I really need to use a table but no matter what I set the width to, it just displays it as 100% in firefox, and in IE there are no problems. Here is the code that i'm using:

*

*



Is there any way to add something to that make it work in FF or should I use something different? Thanks for the help.


----------



## erick295

That's the correct way of doing it. There's probably something wrong elsewhere in your code.

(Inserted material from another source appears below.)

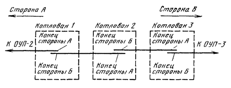 8.23. Одновременно с предъявлением в монтаж кабеля монтажному подразделению должны быть переданы: а) укладочные ведомости, составленные по форме 4.5 с указанием величин избыточного давления, сопротивления изоляции шланговых покровов в каждой строительной длине и разбивкой по шагам пупинизации; б) протоколы измерений и испытаний строительных длин по форме 4.2; в) заводские паспорта (протоколы, сертификаты) на строительные длины кабеля. 8.24. При приемке кабеля в монтаж подлежит проверке: а) соответствие длин усилительных участков проектным; б) соблюдение номинальных длин шагов пупинизации; в) герметичность оболочки; г) электрическое сопротивление изоляции шланговых покровов; д) электрическая прочность и электрическое сопротивление изоляции, а также целость всех жил (проводников) и экранов; е) глубина заложения кабеля в местах стыка строительных длин; ж) достаточность перекрытия концов кабелей в месте стыка строительных длин; з) правильность расположения кабелей в траншее; и) соблюдение требований по группированию строительных длин; к) наличие и правильность временной нумерации муфт (на стыках длин). Строительные длины, не соответствующие перечисленным требованиям, подлежат повторной приемке. 8.25. Приемка кабеля в монтаж оформляется актом по форме 8.4. Акт составляется в четырех экземплярах (по два для каждой стороны). НУМЕРАЦИЯ УСИЛИТЕЛЬНЫХ (РЕГЕНЕРАЦИОННЫХ) ПУНКТОВ КОНЦОВ КАБЕЛЯ, ШАГОВ ПУПИНИЗАЦИИ, КАБЕЛЕЙ В ТРАНШЕЕ, МУФТ, ПАР И ЧЕТВЕРОК КАБЕЛЯа) нумерация обслуживаемых усилительных (регенерационных) пунктов (ОУП, ОРП, ОП, ПП) - от административного центра высшего значения (пункта А) к административному центру низшего значения (пункт Б) для радиальных кабельных линий и по движению часовой стрелки для кольцевых линий; на линиях, соединяющих административные центры примерно одинакового значения - с севера на юг и с запада на восток; для линий связи вдоль продуктопроводов (газопроводов, нефтепроводов и т.д.) - по ходу продукта в трубопроводе; б) нумерацию необслуживаемых усилительных (регенерационных) пунктов (НУП, НРП) следует вести внутри каждого участка ОУП - ОУП (ОРП - ОРП) в возрастающем порядке и записывать дробным числом; при этом в числителе указывается очередной (порядковый) номер НУП, НРП, а в знаменателе - низший порядковый номер ОУП (рис. 8.1). Нумерация усилительных пунктов должна быть указана в проектной документации; Рис. 8.1. Порядок нумерации: а - ОУП и НУП; б - муфт на высокочастотном кабеле; в - муфт на низкочастотном кабеле; г - шагов и муфт на комбинированном симметричном кабеле; д - стыковых и прямых муфт на коаксиальном кабеле; е - дополнительных муфт в) стороной А (в любой точке кабельной линии следует считать усилительный пункт низшего порядкового номера, а стороной Б - высшего; г) концы кабелей в котловане (колодце) следует именовать: конец стороны A (A1, A2, А3) - входящий кабель, а конец стороны Б (Б1, Б2, Б3) - исходящий кабель (рис. 8.2); Рис. 8.2. Обозначение концов кабеля в котловане д) концы кабелей при их разделке на оконечные устройства в ОУП (НУП, ОП) разделяются на входящие - А (A1, А2, А3 и т.д.) и исходящие - Б (Б1, Б2, Б3 и т.д.); е) концом А строительной длины кабеля следует именовать тот, у которого жилы в звездной четверке расположены по часовой стрелке в следующем порядке: красная - зеленая - желтая - синяя; на конце Б данной строительной длин

Try validating it: http://validator.w3.org/


----------



## Shadow2531

Assuming you have a proper doctype, your code is valid and your doctype puts the browser in standards mode, then you have to ask yourself, "60% of what?".

e.g.


Code:


<!DOCTYPE html PUBLIC "-//W3C//DTD XHTML 1.0 Strict//EN" "http://www.w3.org/TR/xhtml1/DTD/xhtml1-strict.dtd">
<html xmlns="http://www.w3.org/1999/xhtml" lang="en-us" xml:lang="en-us">
    <head>
        <title>table width</title>
        <meta http-equiv="content-type" content="text/html;charset=utf-8" />
        <style type="text/css">
            html {
                background: #fff;
                color: #000;
                font-size: 1em;
            }
            body {
                margin: 0;
                padding: 8px;
            }
            table#test, table#test2 {
                margin: auto; /* align center */
                text-align: center;
                border: 1px solid #f00;
                width: 60%;
            }
            table#test td, table#test2 td {
                border: 0;
                padding: 0;
            }
            div#cb {
                width: 600px;
                border: 1px solid #000;
                /* left and right auto to align center when you need to set top/bottom */
                margin-left: auto;
                margin-right: auto;
                margin-top: 15px;
                padding: 5px;
            }
        </style>
    </head>
    <body>
        <table id="test">
            <tr>
                <td>Width of this table is 60% of the current width of the viewport</td>
            </tr>
        </table>
        <div id="cb">
            <table id="test2">
                <tr>
                    <td>Width of this table is 60% of its 600px containing block</td>
                </tr>
            </table>
        </div>
    </body>
</html>

Keep in mind, that it's almost certain that Firefox is doing the proper thing in your situation and IE is the one having the problem displaying your code properly. Either way, if the desired look is the IE way, then you'll need to change your code. Make it look right in Firefox and then, if you have to, make it work in IE.


----------